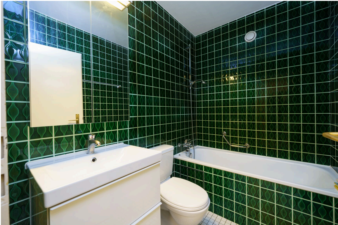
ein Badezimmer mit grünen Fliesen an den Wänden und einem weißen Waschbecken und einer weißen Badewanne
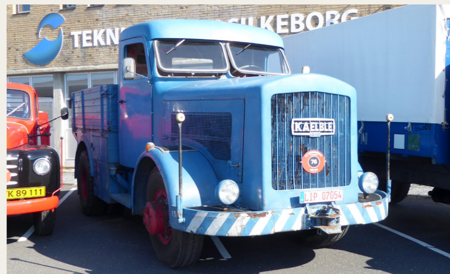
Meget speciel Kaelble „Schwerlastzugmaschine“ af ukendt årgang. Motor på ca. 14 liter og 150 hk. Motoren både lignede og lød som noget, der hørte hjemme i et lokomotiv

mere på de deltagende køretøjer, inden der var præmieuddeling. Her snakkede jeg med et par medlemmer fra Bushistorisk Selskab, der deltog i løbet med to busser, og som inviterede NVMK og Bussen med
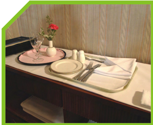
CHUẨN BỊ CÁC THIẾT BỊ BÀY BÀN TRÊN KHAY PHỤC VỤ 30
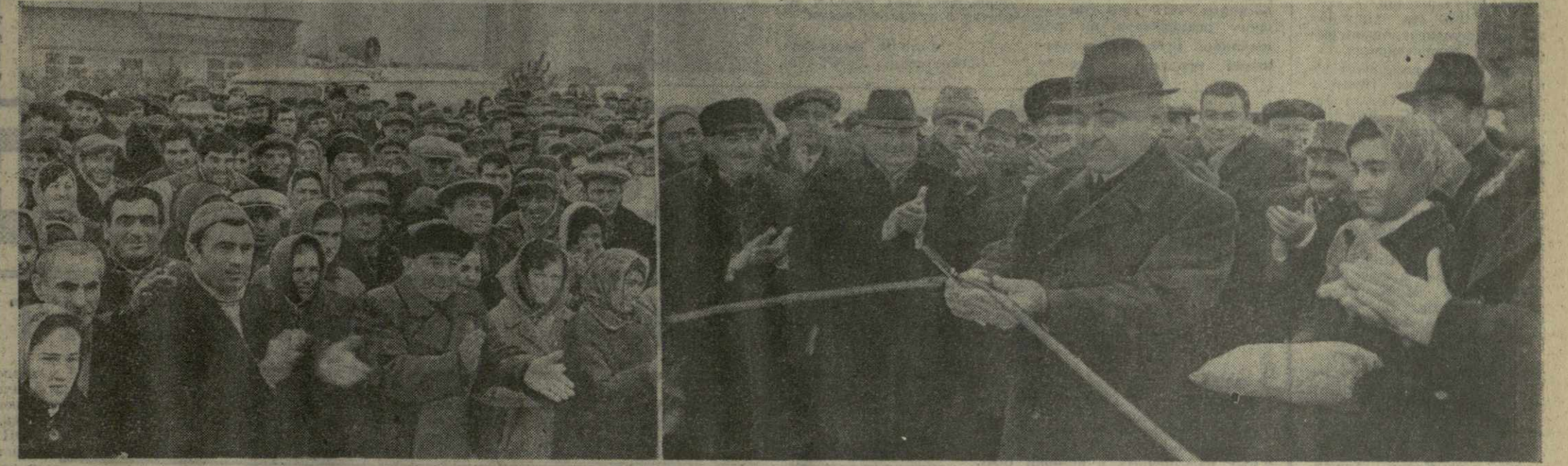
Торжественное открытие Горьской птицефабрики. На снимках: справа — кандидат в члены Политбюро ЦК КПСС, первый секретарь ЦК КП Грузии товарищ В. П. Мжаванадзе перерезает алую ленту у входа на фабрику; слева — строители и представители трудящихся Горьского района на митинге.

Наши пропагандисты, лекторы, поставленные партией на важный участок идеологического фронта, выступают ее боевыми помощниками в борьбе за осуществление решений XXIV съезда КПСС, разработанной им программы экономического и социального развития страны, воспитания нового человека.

*Work item*
From the entries, count the lines that hold the string "КПСС". Nothing but the number is needed.

*Response area*
2